Cancer continues to hit the news headlines.
We were recently warned that hospitals in England have seen a rise in admissions for skin cancer of nearly a third in 5 years.
Dermatologist Dr Walayat Hussain said the UK was facing “a tsunami of skin cancer” being blamed on cheap foreign holidays and the fashion for having tanned skin.
Only today, a report from Macmillan states that the NHS will be “pushed to its limit” by the end of 2016 by rising numbers of cancer patients.
By 2016, it is expected that another 1,000 people will be diagnosed every day. An ageing population and NHS cutbacks would stretch cancer care to breaking point.
“Cracks in the NHS are already beginning to show” said Macmillan Cancer Support chief executive Lynda Thomas but survival rates for some forms of cancer have improved.
The latest government figures show that cancer caused the most deaths in England and Wales in 2013, followed by heart disease and strokes.
Cancer accounted for 29% of all deaths in the UK last year. According to Cancer Research UK, the most common forms of cancer are lung, bowel, breast and prostate.

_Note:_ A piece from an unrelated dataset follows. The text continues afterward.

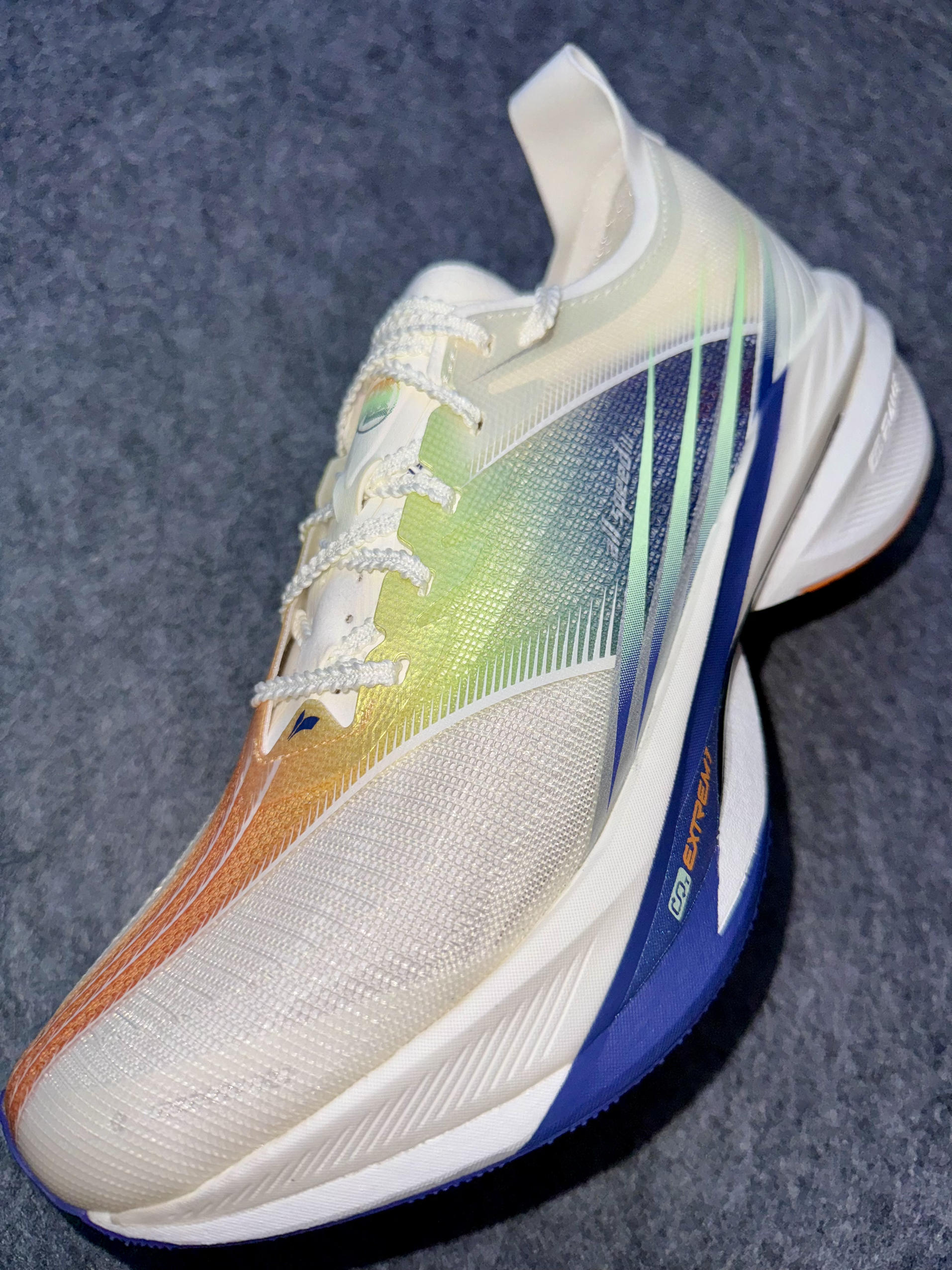 361 飞飚1.5 红蓝BUFF配色🔴🔵 作为361的次顶碳产品,飞飚现在也已经出到了2代,但是在近期又全新发售了1.5代,这是361经常喜欢进行的一个常规操作❗️ 点5的版本一般在最主要的中底配置上都不会有任何的改变,最主要的改变就是在鞋面材质上,为不同需求的跑者提供多种的选择🏃 那么这一次对比于一代主要将斜面改为了绞综材质,这种材质透气延展性更好,适度也更加出色,对比其他的大多数材质在打...

But in amongst the doom and gloom has been some good news and truly inspiring stories.
Just a few months ago the results of two international trials against advanced skin cancer, from the American Society of Clinical Oncology conference in Chicago, were hailed as “exciting and striking“. These treatments were designed to enable the immune system to recognise and target tumours.
This morning I read about Sam Greatrex. In 1995 Sam was diagnosed with Cancer but on the 6th September 2014 he embarked on a journey starting from Birmingham to cycle and row around the world to break 11 world records and raise £240,000 for Macmillan Cancer Support.
The aim of Lap the World is to raise £240,000 and 100% of every donation will go to Macmillan and not towards the costs to fund his expedition. That amount could fund the build of a new chemotherapy suite in a hospital.
Sam’s challenge is both crazy and inspirational in equal measure and it puts my fundraising efforts into context.
But every little bit helps to support these charities. £25 could pay for a Macmillan nurse for an hour, helping people living with cancer and their families receive essential medical, practical and emotional support.
There are many different charities and support groups that help in the fight against cancer but they rely heavily on the support of the public for funding. You’re the reason that they can keep providing vital services to those suffering from cancer and to help and support their families, so no one has to face cancer alone.